Monday, June 1, 2009

Sidewalk Constellations




Walking round the ferry port of Toronto I noticed a generous dotting of gumspots on the ground. Perhaps it was because I'd been sharing memories of childhood space obsession with my friend, Glenn Gear (http://www.digipopo.org/content/glenn-gear), but quite suddenly those gumspots became constellations, all they needed were white lines joining them together to make them visible to everyone. I duly reached into my pocket and with a stick of chalk did some joining up. 

As a little girl I occasionally took the kitchen stool outside and sat looking into the night sky, trying to find constellations (or asterisms, but let's remain colloquial). The only ones  I ever identified were the Plough (or Dipper) and Orion (who has since become an old friend), and I think this was because of the Space Topic I did in Mrs. Cotton's class, during which we carefully pin-pricked a tracing of these two constellations in our exercise books. The rest I simply couldn't find, even with my planisphere (which I didn't know how to use, but  loved owning: it was a talisman, a symbol of all the things I might one day know) . After half an hour or less, I would slide off the stool and return it to the kitchen, feeling slightly defeated.

So all those years later, as I waited for a ferry to return me to Hanlan's Point, I began to make my own constellations on the asphalt, enjoying a private nostalgia. Regarding my handiwork I was struck but how credible they looked and how pretty and this is how the Sidewalk Constellations project began.

Initially, I was simply taken with the aesthetic of these whimsical drawings. I spent afternoons wandering quiet streets with a box of chalk playing this new game. It was only later it occurred to me that the groupings of the real stars are just as arbitrary, pure pareidolia. It is stories which give them meaning. The dirty blobs on the pavement are also embedded in narrative. A piece of gum is chewed for minutes or hours, it is moved around an area of the body which is, for most, the primary means of communicating. A mouth is an intimate, infinite space, like the magic cooking pot which can make a never ending amount of hot porridge (http://en.wikipedia.org/wiki/Sweet_Porridge), but instead of porridge it overflows with words and these are trying to communicate thoughts which are created in another intimate but inexplicable place, that is, a mind. Think about gum as being connected to these things and it gains  significance. Each gumspot has been part of someone's life and has been discarded on that person's journey. When several journeys cross, a sidewalk constellation is formed.

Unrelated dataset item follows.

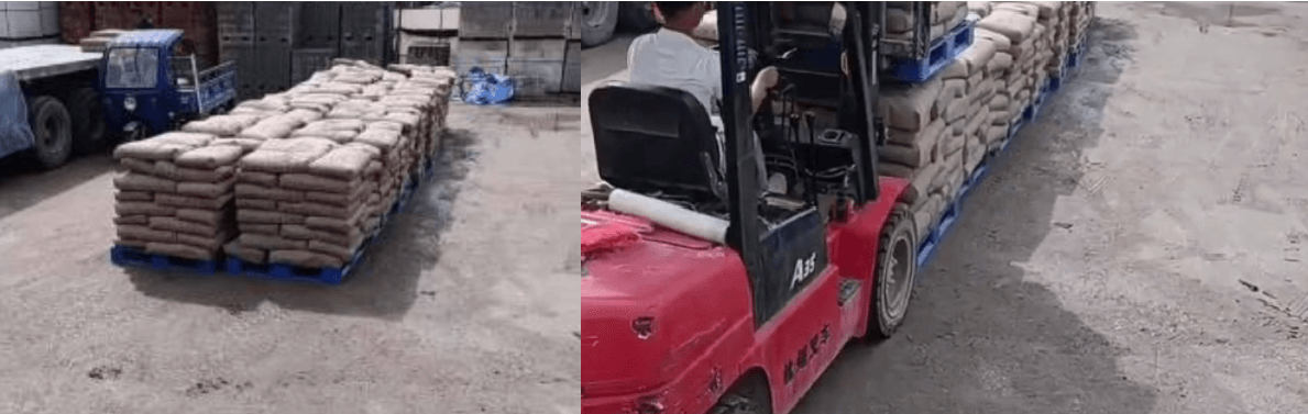 當(dāng)?shù)亟?jīng)銷商對(duì)水泥人網(wǎng)表示:托盤水泥可以直接用叉車裝卸,減少經(jīng)銷商在裝卸時(shí)的人工成本,每一個(gè)托盤可裝2~3噸。一車水泥傳統(tǒng)人工卸車需要90分鐘左右,叉車卸托盤15分鐘不到就可卸完。

When I go to a town or city to do Sidewalk Constellations, I chat to a lot of people. Strangers on the streets I am chalking, in the cafes I rest and think  in, who I am staying with. I glean what I can about the place and its inhabitants and I think about it all as I join up gum. At some point I usually take myself for a long, solitary walk and talk to myself, felting together the info-lint until the stories are made, stories that make sense of the random events that brought those pieces of gum together. Sometimes the stories relate to the person who discarded the gum, sometimes to the shape a group makes; they can symbolise an event that happened in the community or to a lone person. Then I tell the stories in a public venue, record them and (usually) leave them in places I've chalked or met people.

Stories are important  for a community to understand, own and be enchanted with the place in which it lives and works. It is my intention with the Sidewalk Constellations project to create narratives which go some way to celebrate, record, archive and make accessible the contemporary mythologies and issues which exist in various urban communities and to do this in public space.